» RECORDS FOR THIS TASK
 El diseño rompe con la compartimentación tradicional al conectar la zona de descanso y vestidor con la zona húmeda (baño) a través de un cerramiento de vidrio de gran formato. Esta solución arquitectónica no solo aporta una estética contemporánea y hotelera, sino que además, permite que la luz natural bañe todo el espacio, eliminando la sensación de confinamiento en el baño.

---

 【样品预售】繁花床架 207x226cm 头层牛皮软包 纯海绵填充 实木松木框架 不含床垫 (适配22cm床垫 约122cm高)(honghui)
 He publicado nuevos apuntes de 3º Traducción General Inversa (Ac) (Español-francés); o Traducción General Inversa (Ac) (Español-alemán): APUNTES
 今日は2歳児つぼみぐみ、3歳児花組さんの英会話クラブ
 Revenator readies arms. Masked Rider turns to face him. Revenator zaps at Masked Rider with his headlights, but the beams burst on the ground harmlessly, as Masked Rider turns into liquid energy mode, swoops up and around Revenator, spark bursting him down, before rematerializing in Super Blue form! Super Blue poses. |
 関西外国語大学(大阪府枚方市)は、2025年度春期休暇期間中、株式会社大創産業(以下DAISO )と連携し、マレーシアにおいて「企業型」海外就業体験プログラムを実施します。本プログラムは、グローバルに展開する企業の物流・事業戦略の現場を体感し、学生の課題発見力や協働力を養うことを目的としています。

» TASK REQUIREMENTS
When the line with "今日は2歳児つぼみぐみ、3歳児花組さんの英会話クラブ" is reached in the data above, start copying there, and copy each line exactly until the line with "関西外国語大学(大阪府枚方市" has been copied; copy nothing else.

» TASK ANSWER
 今日は2歳児つぼみぐみ、3歳児花組さんの英会話クラブ
 Revenator readies arms. Masked Rider turns to face him. Revenator zaps at Masked Rider with his headlights, but the beams burst on the ground harmlessly, as Masked Rider turns into liquid energy mode, swoops up and around Revenator, spark bursting him down, before rematerializing in Super Blue form! Super Blue poses. |
 関西外国語大学(大阪府枚方市)は、2025年度春期休暇期間中、株式会社大創産業(以下DAISO )と連携し、マレーシアにおいて「企業型」海外就業体験プログラムを実施します。本プログラムは、グローバルに展開する企業の物流・事業戦略の現場を体感し、学生の課題発見力や協働力を養うことを目的としています。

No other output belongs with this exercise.